═══ DATA SUPPLIED ═══

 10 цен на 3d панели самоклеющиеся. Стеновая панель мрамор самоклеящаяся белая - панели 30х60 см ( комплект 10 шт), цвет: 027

═══
═══ DATA SUPPLIED ═══

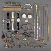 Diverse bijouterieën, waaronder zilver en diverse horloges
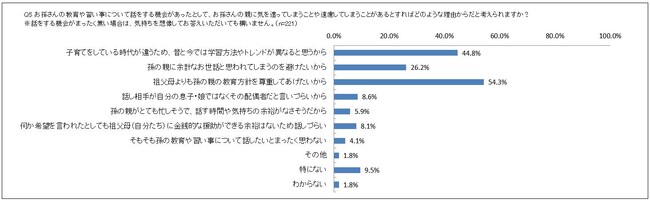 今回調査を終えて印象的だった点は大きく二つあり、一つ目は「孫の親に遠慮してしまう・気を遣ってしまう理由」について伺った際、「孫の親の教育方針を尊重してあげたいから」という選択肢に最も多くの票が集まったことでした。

═══

■ PROBLEM TO WORK ON
Every line above in the stretch from the one with "Diverse bijouterieën, waaronder" through the one with "今回調査を終えて印象的だった" is to be transcribed exactly, ends included. No picture is copied.

■ EXPECTED ANSWER
 Diverse bijouterieën, waaronder zilver en diverse horloges
 今回調査を終えて印象的だった点は大きく二つあり、一つ目は「孫の親に遠慮してしまう・気を遣ってしまう理由」について伺った際、「孫の親の教育方針を尊重してあげたいから」という選択肢に最も多くの票が集まったことでした。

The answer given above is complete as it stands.